No Solution Yet-Problem after upgrade of Ubuntu 18.04 (emergency)

Tony_Anytime · February 8, 2019, 4:46am

I have a cluster of 4 servers, after apt upgrade one and rebooting, now all my servers are showing a blank lxc list, and lxc cluster show say there is no cluster.
The interesting thing, thankfully, the actual running containers are working, and I can even see inside them. But of course all LXC commands don’t work on them. lxd --debug --group lxd seems to be fine on 3 out 4 server.

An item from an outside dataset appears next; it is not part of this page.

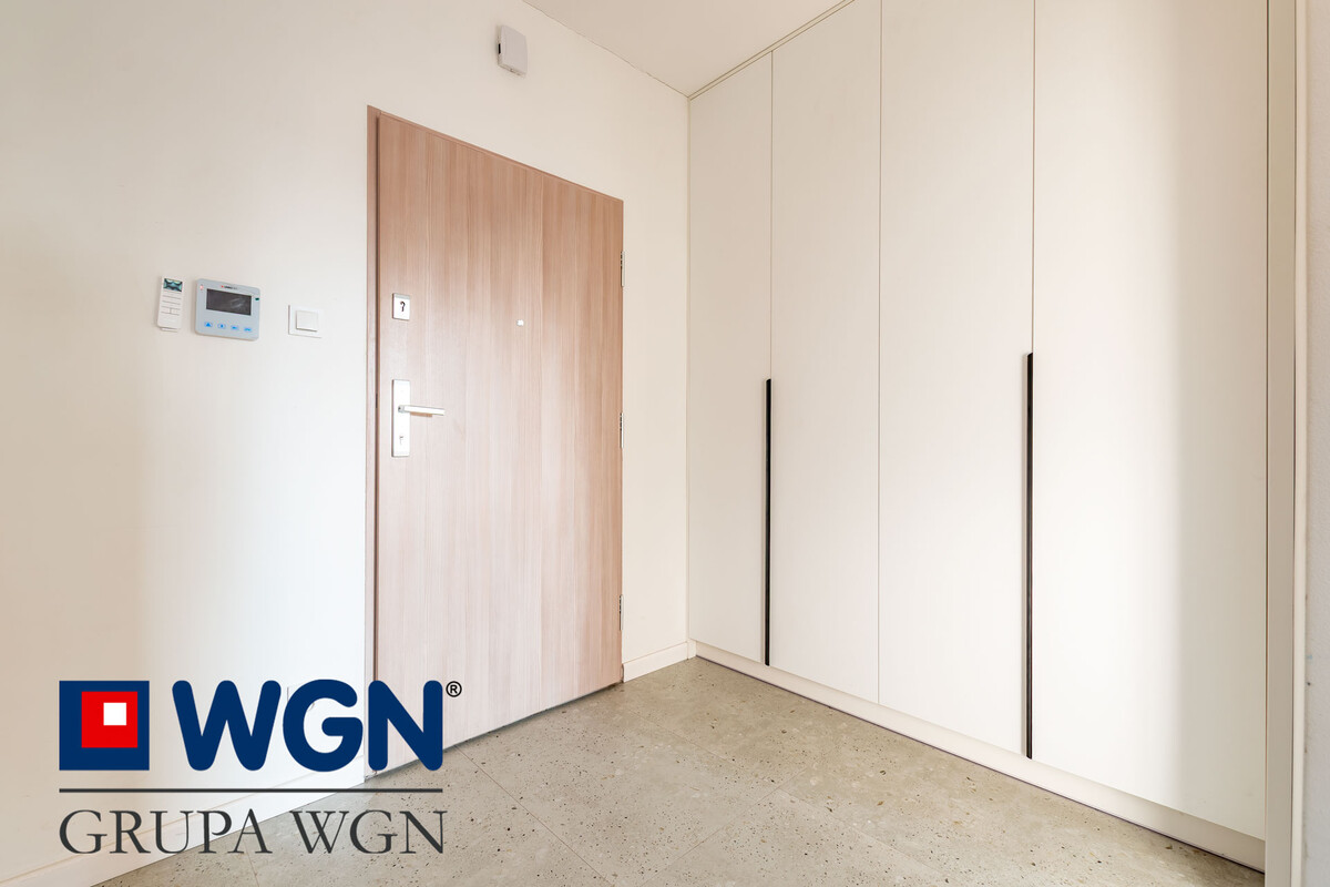 - przedpokoju z nowoczesną szafą w zabudowie stałej

The containers that are not running are blank.
So at this point I am afraid of rebooting production servers, and making problem worse. I tried reboot fourth server and that does not seem make it better.
It seems the LXD cluster database is bad or stuck, is there a way to rebuild it. Or is this thing bound to crash and burn. Any and all help, ideas, etc… are welcomed.

More info:
lxc --debug list
DBUG[02-08|00:02:16] Connecting to a local LXD over a Unix socket
DBUG[02-08|00:02:16] Sending request to LXD method=GET url=http://unix.socket/1.0 etag=
Error: Get http://unix.socket/1.0: EOF

may be it is a socket error

Tony_Anytime · February 8, 2019, 5:34am

More info:
journalctl -u lxd
Feb 08 00:13:29 JOE systemd[1]: Starting LXD - main daemon…
Feb 08 00:13:29 JOE lxd[2935]: t=2019-02-08T00:13:29-0500 lvl=warn msg=“CGroup memory swap accounting is disabled, swap limits will be ignored.”
Feb 08 00:14:55 JOE lxd[2935]: t=2019-02-08T00:14:55-0500 lvl=warn msg="Failed connecting to global database (attempt 6): failed to create dqlite connection
Feb 08 00:15:07 JOE lxd[2935]: t=2019-02-08T00:15:07-0500 lvl=warn msg="Failed connecting to global database (attempt 7): failed to create dqlite connection
Feb 08 00:15:15 JOE lxd[2935]: t=2019-02-08T00:15:15-0500 lvl=eror msg=“Failed to start the daemon: no “source” property found for the storage pool”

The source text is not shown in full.